She seems cynical in her
thoughts, but that’s natural. She doesn’t love her husband. She needs him only
because of the money. And even in this case she gets them not often. Walter has become unfamiliar not only for her,
but for the children also. Elizabeth’s thoughts were interrupted by the coming
of her husband co-workers. They brought the body of her husband. Elizabeth and
her mother-in-law were shocked, but their reactions were different. The old
woman became crying, and Lizzie stopped her in order not to awake her children.
She did things orderly and senselessly. She told men to put the body of her
husband into the room. "There was a cold,
deathly smell of chrysanthemums in the room.” Then she sent them packing. Leaving
one of the co-workers broke the vase with chrysanthemums. And that was the end.

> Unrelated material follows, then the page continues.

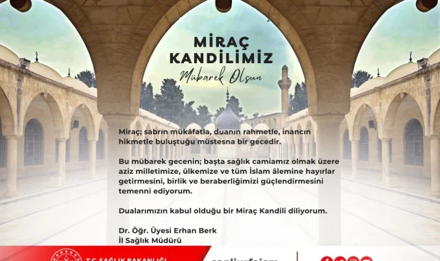 Harran Devlet Hastanesi, önemli dini günlerden biri olan Miraç Kandili dolayısıyla bir kutlama mesajı yayımladı.İl Sağlık Müdürü Dr. Öğr. Üyesi Erhan Berk tarafından paylaşılan mesajda, Miraç gecesinin manevi önemi vurgulandı.Dr. Öğr. Üyesi Erhan Berk, mesajında şu ifadelere yer verdi:"Miraç; sabrın mükâfatla, duanın rahmetle, inancın hikmetle buluştuğu müstesna bir gecedir. Miraç Kandilimiz Mübarek Olsun."Hastane yönetimi ve personeli adına yayımlanan bu kutlama mesajı, bölge halkının kandilini tebrik etme amacı taşıyor.Kaynak: Haber Merkezi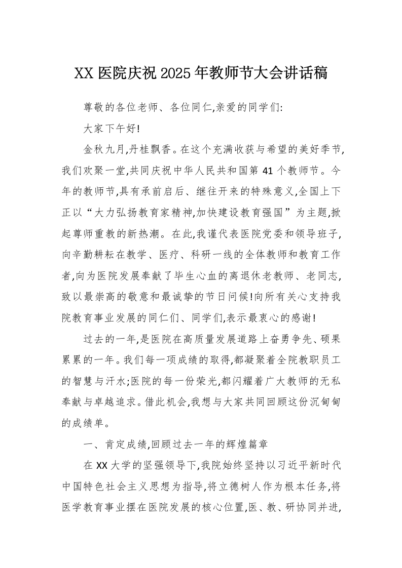 XX医院庆祝2025年教师节大会讲话稿尊敬的各位老师、各位同仁,亲爱的同学们:大家下午好!金秋九月,丹桂飘香。在这个充满收获与希望的美好季节,我们欢聚一堂,共同庆祝中华人民共和国第41个教师节。今年的教师节,具有承前启后、继往开来的特殊意义,全国上下正以“大力弘扬教育家精神,加快建设教育强国”为主题,掀起尊师重教的新热潮。在此,我谨代表医院党委和领导班子,向辛勤耕耘在教学、医疗、科研一线的全体教师和教育工作者,向为医院发展奉献了毕生心血的离退休老教师、老同志,致以最崇高的敬意和最诚挚的节日问候!向所有关心支持我院教育事业发展的同仁们、同学们,表示最衷心的感谢!过去的一年,是医院在高质量发展道路上奋勇争先、硕果累累的一年。我们每一项成绩的取得,都凝聚着全院教职员工的智慧与汗水;医院的每一份荣光,都闪耀着广大教师的无私奉献与卓越追求。借此机会,我想与大家共同回顾这份沉甸甸的成绩单。一、肯定成绩,回顾过去一年的辉煌篇章在X大学的坚强领导下,我院始终坚持以习近平新时代中国特色社会主义思想为指导,将立德树人作为根本任务,将医学教育事业摆在医院发展的核心位置,医、教、研协同并进,

The end of Lizzie’s hard life with her husband.
Elizabeth started washing
the body of her… husband. She washed his face. The face of the man who had been
her husband, the father of her children. But had it been really so? Elizabeth
and Walter are absolutely different people. It seems that their marriage was a
great mistake, but it happened. At the moment of washing his still warm body
Elizabeth realized that she hadn’t loved him. She had just lived with him. "She had denied him what he was – she saw it
now. She had refused him as himself. – And this had been her life, and his
life. – She was grateful to death, which restored the truth. And she knew she
was not dead.” Elizabeth thanked death for getting her out of trouble
called "Walter and Elizabeth’s marriage”. This fact is shocking, but so real
and clear. Now she is free. She has her children. And only they are her breath
of life. She will never let the odour of chrysanthemums to spoil her life and
to poison the future of her children, of her family.
(by Seagull)
My View of Odour of Chrysanthemums
In the story the author describes ordinary people and
he does not try to show these hard life conditions they live in from any good
perspective. But at the same time he shows the English as very hard-working,
honest, physically and mentally strong people, they are ready to support each
other any time.
The same relationships are described in the family of
the Bates. They are proud; they never give up though their life is far from
being a bed of roses. Elizabeth Bates is a clever, well-educated woman but her
husband is a poor minor so he has to works days and nights in order to bring at
least some money to his family. The tragedy of his life is that he dies still
being young and leaves his family without any support.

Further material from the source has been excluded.